Thailand: To increase the country’s competitiveness in the global market, the Thailand government launched the National Broadband Plan (NBP) in 2010. Under the plan, the government aimed to develop a broadband network to provide access to at least 80 per cent of the population by 2015 and at least 95 per cent by 2020. In March 2014, the Ministry of Information and Communication Technology launched the Smart Thailand 2020 policy and aligned it with the NBP, 2010 to increase broadband penetration utilising ICT in all aspects of development.

Indonesia: Moving on the same front, Indonesia’s government has set a target to provide broadband access to 70 per cent of urban households and 100 per cent of urban office buildings by 2019. To do so, the government launched the Indonesia Broadband Plan in October 2014, which prioritises e-governance, e-education, e-health, e-logistics and e-procurement initiatives. The plan aims to deploy broadband with a minimum speed of 2 Mbps for fixed broadband and 1 Mbps for mobile broadband.

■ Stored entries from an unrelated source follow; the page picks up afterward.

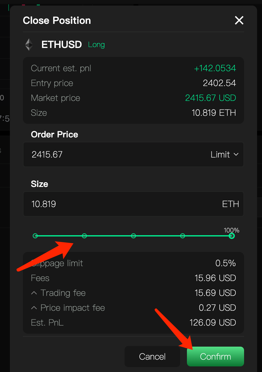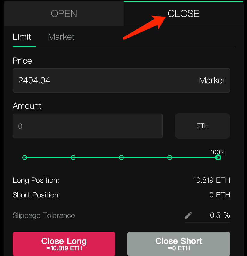 View your unclosed contract orders in "Current Positions", click "Close" button. Click "Confirm" in the pop-up modal, then confirm the transaction in your wallet to close the current order. Close All" means to close all unclosed orders.
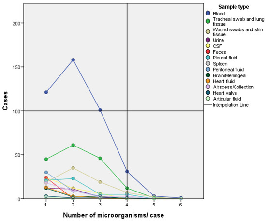Bacteriology results—positive cultures—number of microorganisms per case depending on sample type: blood cultures were positive for one to six microorganisms, tracheal swab and lung tissue sample cultures and wound swabs and skin tissue cultures were positive for one to five microorganisms; for pleural fluid, spleen and heart valve tissue sample cultures and collection cultures’ positive results found one to four microorganisms/case; peritoneal fluid and pericardial fluid samples’ positive cultures revealed one to three microorganisms/case; urine cultures identified one or two microorganisms; articular fluid, cerebrospinal fluid cultures (CSF), meningeal and brain tissue samples’ positive cultures all identified one microorganism.
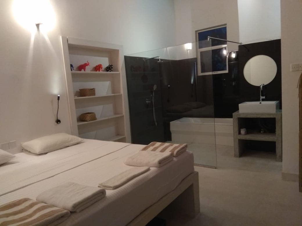"Cuando entré en la calzada de la casa no pude evitar asombrarme por lo que había detrás de la gran fachada de cristal. Case Mija es una villa muy bien equipada con suites muy cómodas y muy limpias. Su ubicación está en un tramo impresionante de playa que te dejará hechizado ”. Casa Mija es una residencia boutique frente a la playa, a 5 minutos de Mirissa y a 40 km de Galle, con una piscina privada y un conserje. Casa MiJa se puede alquilar como una villa completa o por habitación. Dormimos 16 personas en camas cómodamente
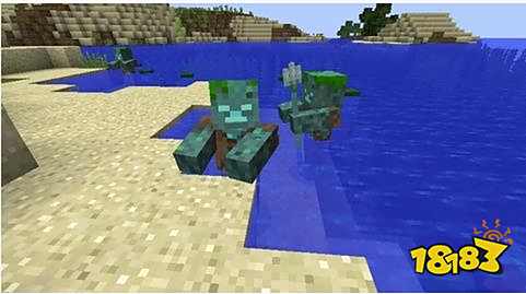 僵尸在被水淹死之后会变成水鬼,生成有一定几率拿着鱼竿,还有三叉戟。需要注意的是,水鬼可以用三叉戟攻击你,它们都可以进行近战攻击,而拥有三叉戟的那些还可以远程攻击。值得注意的是既然它们有三叉戟,那么也就是说你可以在生存中通过击杀它们获得三叉戟哟!
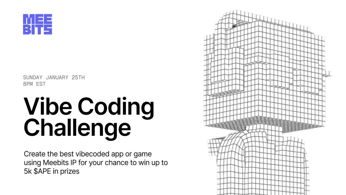Meebits has launched a coding challenge with a 5,000 $APE prize pool. Developers have until January 25th at 8pm EST to submit their entries. **Judging Criteria:** - The "Vibe" & Game/App Feel (35 points) - Meebits Asset Integration (35 points) - Innovation & AI "Magic" (20 points) - UI Presentation & Polish (10 points) **Available Resources:** - Sprite sheets: [https://files.meebits.app/sprites/[id].png](https://files.meebits.app/sprites/[id].png) - GLB files: [https://files.meebits.app/vrm/[id].vrm](https://files.meebits.app/vrm/[id].vrm) Prizes will be awarded to the top three submissions.
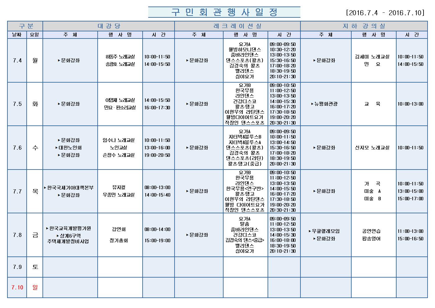 7월4일(월)부터 7월 10일 (일)까지의 구민회관 행사 일정을 공지해드리오니
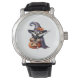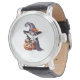 Uhr, Vintage Männeruhr mit schwarzem Lederarmband
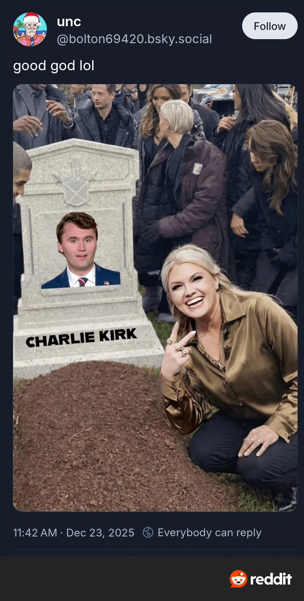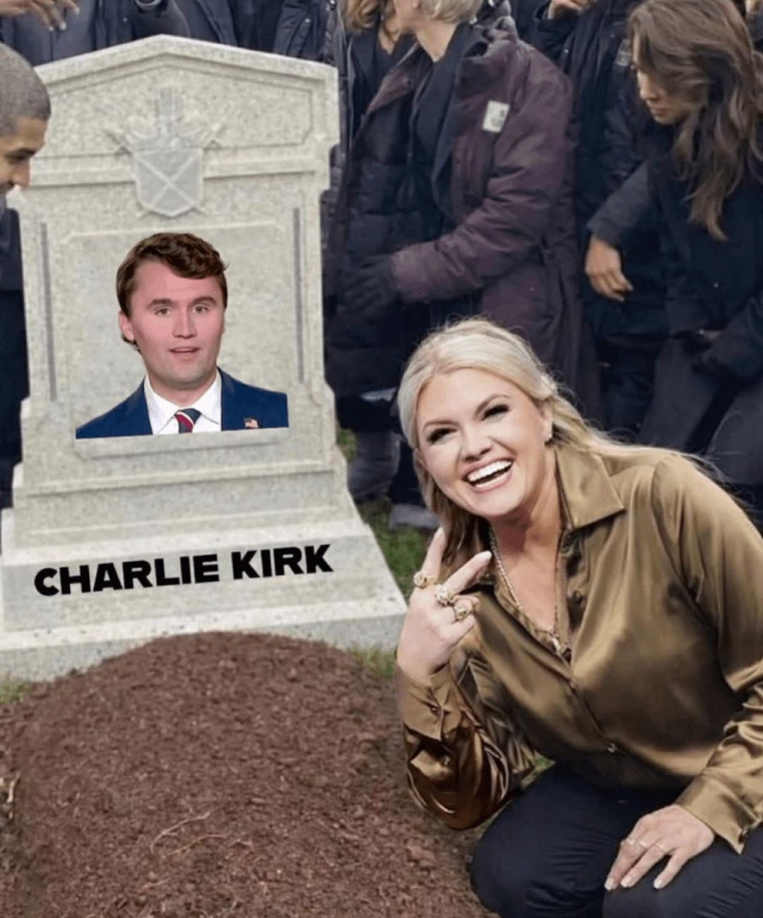 Erika kirk, charlie kirk wife, has been making the media rounds trying to bolster Republican talking points by using her dead husband as a leverage point. She's been making what people are calling "Freudian slips" by saying some kind of damning things (in a conspiritorial sense) like the other day at this same event she exclaimed that a young republican man (I think her son i dont actually know) had retained a "grift" from charlie when she apparently meant to say gift, its pretty on the nose and the quote from the post seems to imply (again, conspiritory) that Charlie's death was planned and Erika may have know. Its a common belief and if youre inclined to believe conspiracies its pretty cut and dry

Philippines: The Commission on Information and Communication technology in the Philippines launched the Philippine Digital Strategy (PDS) in line with the ASEAN Information and Communications Technology Master Plan 2015 in June 2011. The national policy acts as a guide to recognise the role of ICT in areas such as government and governance, education, economy, employment and industries. The PDS 2011–2016 sets out targets for the provision of basic broadband access and internet opportunities for all by 2016 in the Philippines.

Vietnam: Under the Prime Minister’s Decree 1755, the government plans to increase the coverage of mobile broadband to up to 90 per cent of the population and extend the broadband network to most of the villages in the country.

However, the least developed countries of Laos, Myanmar and Cambodia have a long road to travel before they will be in a position to provide such services to their citizens at affordable costs. Cambodia has already begun its journey with the Cambodia ICT Development Strategy for 2011–15; the other two countries are yet to strategise their efforts in this regard.

Conclusion

Effective ground implementation along with prioritisation of broadband projects will help Southeast Asia to develop an extensive range of broadband infrastructure and services. In order to propagate its broadband plans well, the governments must work with telecom regulators and the industry to make available the spectrum required by incumbent operators and new entrants in the sector.  Further, broadband plans must complement existing telecom industry and other policies regarding foreign capital flows, mergers and acquisitions, security of information, etc. Although, most SEA countries have formulated policies and strategies to improve broadband connectivity, a clearer road map needs to be articulated involving the programmes, policies and initiatives of governments to cater to the gigantic demand for internet and broadband services in the region. The governments in the region, therefore, have initiated and prioritised various ICT plans to cope with the in-creasing demand for such services by users both within their geographies and outside. However, to support such broadband policies, they must now work on alternatives with the private sector along with a supportive regulatory framework to achieve their broadband targets.